To download a copy of his September 6, 2011 letter to priests, which I mentioned in the conference on Christ Appeals to the Resurrection, please click below:
Here is an article I wrote about it on November 4, 2011 for the Anchor:
The Greatest Opportunity of Our Lives
Death is the great contemporary phobia. Every November the Church seeks to help the faithful confront and overcome this fear.
We begin the month by focusing on heaven and the saints, which reminds us that death is not the end of life but, for those who live and die in Christ, merely a stage of it. On All Souls Day, we pray for all the dead whose presence in heaven has not been “certified” by canonization and who therefore may be in our need of purification through the prayerful solidarity of the communion of saints. This prayer for the faithful departed is a powerful reminder that heaven doesn’t come on the cheap, that all of us must be purified in this world or the next of everything in us that is not worthy of God. These considerations lead us to the third focus of November, which is to reflect upon, and prepare for, our own death so that our inevitable passing may truly be an eternally “happy” one.
Throughout the Gospel, Jesus tried to get us to acknowledge and prepare for death so that it may not catch us as a “thief in the night” (Lk 12:39). He confronted our fear of death head on and told us not to fear the temporary destruction of the body but only the eternal loss of the soul through sin (Mt 10:28). He sought to help us to prepare for death by teaching us how to store up for ourselves treasure in heaven and to live for and in his kingdom. And he indelibly illustrated all of these truths by the courageous, trusting way he himself died.
Preparing for death in imitation of, and union with, Jesus has been one of the characteristics of the Church since the beginning. We see it with St. Stephen’s echoing Jesus’ last words when he was being stoned to death. We notice it in St. Paul’s call for us to be crucified with Christ so that it is no longer we who live by Christ who lives in us by faith. We spot it in the famous call of Thomas à Kempis’ classic “The Imitation of Christ,” who forcefully reminds us, “In every deed and every thought, act as though you were to die this very day.” This is the way, he taught, that we will “learn to die to the world now” so that we may “begin to live with Christ.” Kempis’ spiritual wisdom, which has formed many saints over the last six centuries, is based on the insight that it is only when we realize that today may be our last day, taht we may not have the opportunity to punt the truly important things until tomorrow, that we begin to think clearly and get our priorities straight. We act differently toward people when we realize that today could be our last interaction with them. We begin to look at time differently and no longer wish to waste it on the various diversions with which we fill our lives. We’re not tempted in the same way toward the harsh word, or the impure thought, or the vengeful action, knowing that that might be the last thing we ever do. We begin to have a far deeper appreciation for prayer and the sacraments and the Church. We cease to sleepwalk spiritually and become fully alert to the meaning of every moment, though, word and deed.
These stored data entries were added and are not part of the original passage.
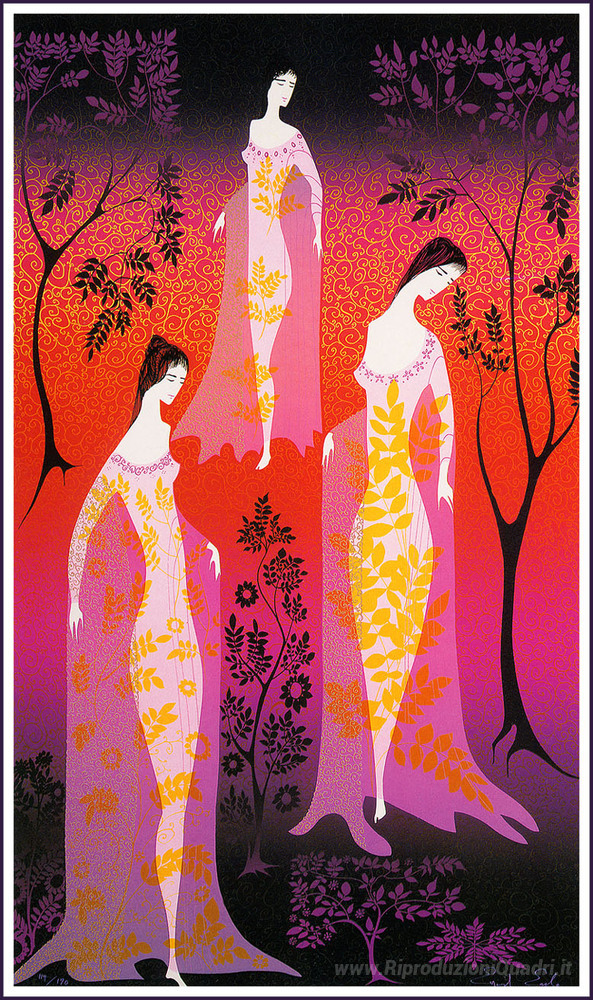 Ti offriamo una riproduzione artigianale su tela dell'opera famosa 'In un giardino gotico' di Eyvind Earle, dal Museo delle Riproduzioni.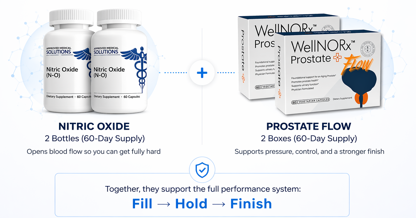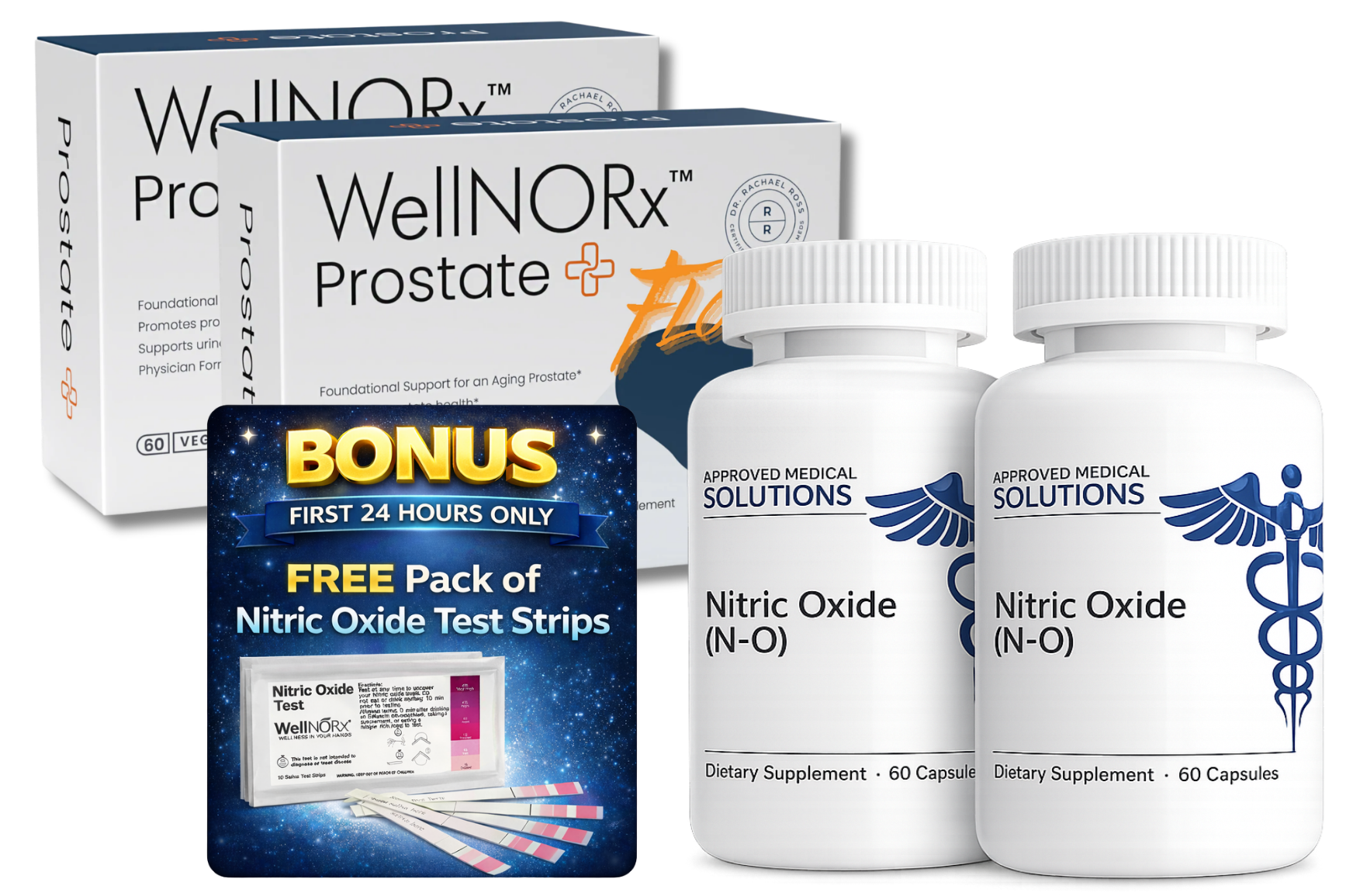 Follow the instructions on each bottle. Typically, Prostate + Flow is taken twice daily with meals, and nitric oxide is taken once or twice daily. Consistency is key.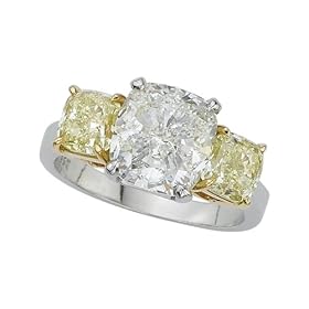 Platinum 6 ct. Yellow and White Cushion Cut GIA Certfied Diamond Ring: Katarina: Jewelry. yellow gold mounting that reflects the warmth of morning sunshine emanating from within each subtle gem. Master diamond cutters have crafted these three perfectly balanced diamonds into an heirloom piece whose elegantly simple platinum ring design sets off the grand 4.03 ct. center stone with precision and style. Each fancy yellow diamond is over 1 ct. and is set in its own 22 Kt. Whether for a stunning engagement ring, a reward to oneself or to commemorate a lifetime of treasured memories together, this ring says what your heart feels through its simple grandeur and artisan craftsmanship.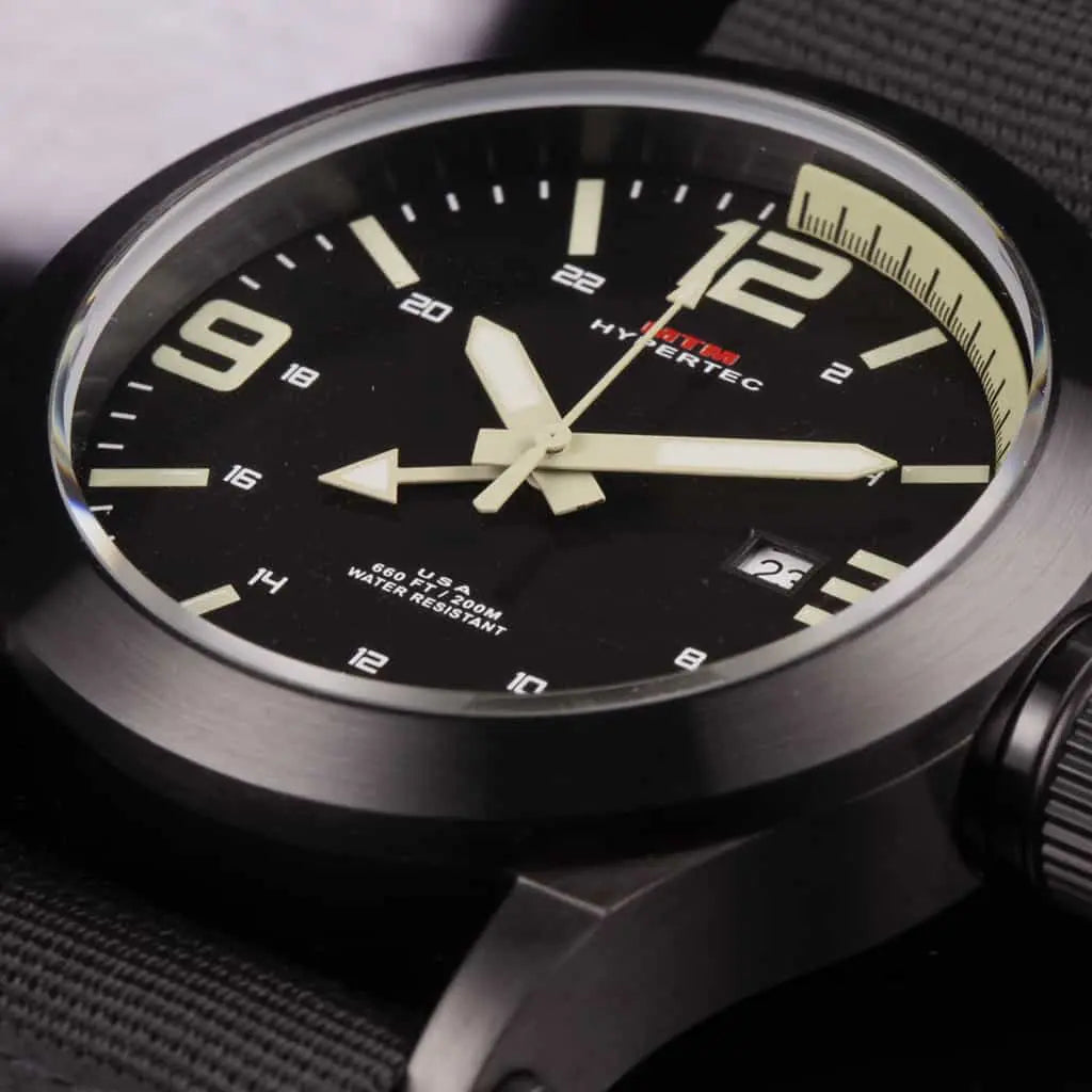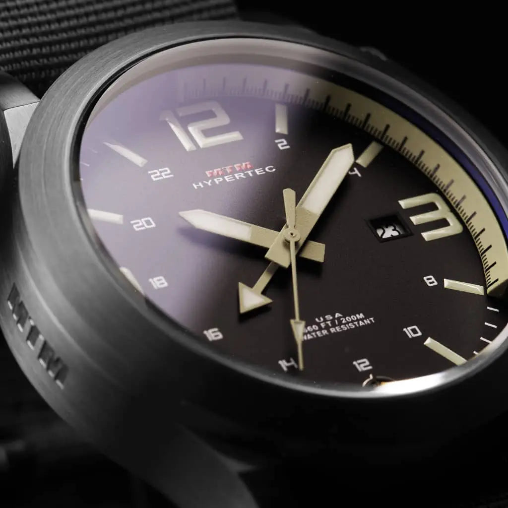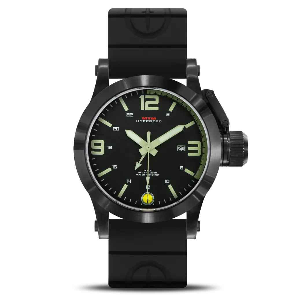 The MTM Black Hypertec 44 watch collection is a unique and stylish line of military-grade timepieces made for both the combatant and casual wearer. The MTM Hypertec features the same rugged specs as other MTM models plus a quick 24 hour time / GMT change function. The MTM Black Hypertec watch is available in three case sizes (40mm, 44mm & 49mm) to fit all wrist sizes and personal preferences.

At the beginning of September, two days before he would retire as Archbishop of Philadelphia, Cardinal Justin Rigali wrote for the priests of his Archdiocese an extraordinarily beautiful meditation on Christian preparation for death. Full of faith in contrast to those filled with phobias, Cardinal Rigali called reflection on death an “uplifting” though “challenging” theme. Probably because of the attention given to the installation of his successor not to mention the general cultural preference to ignore thinking about death altogether, Cardinal Rigali’s truly profound thoughts have not yet gotten the attention they deserve. They are as spiritually useful for the faithful of Fall River as for the priests of Philadelphia.
“Preparing for death is the greatest opportunity in our lives,” Cardinal Rigali wrote somewhat provocatively. Rather than dreading death as the inexorable occasion in which our life will be taken from us, we can learn from Jesus how to make our death an act of supreme self-giving love. Sometimes we view the crucifixion as if Jesus suffered it passively, exclusively as a victim. Jesus, however, in foretelling his death, clarified that he was approaching it with full freedom, love and courage. “I am the Good Shepherd. The good shepherd lays down his life for the sheep,” Jesus stressed. “No one takes it from me, but I lay it down of my own accord. I have power to lay it down” (Jn 10:11, 18).
Likewise, all of us have been given by Jesus’ death and resurrection a similar power. “We have the possibility to rehearse our death,” Cardinal Rigali wrote, “not in its minute details—although saints have found this useful—but in the sense of accepting it in anticipation by an act of our will that will be consummated freely at the moment of our death and offered to the Father in union with the death of Jesus. We can indeed accept and anticipate by an act of our will the laying down of our life in union with Jesus!”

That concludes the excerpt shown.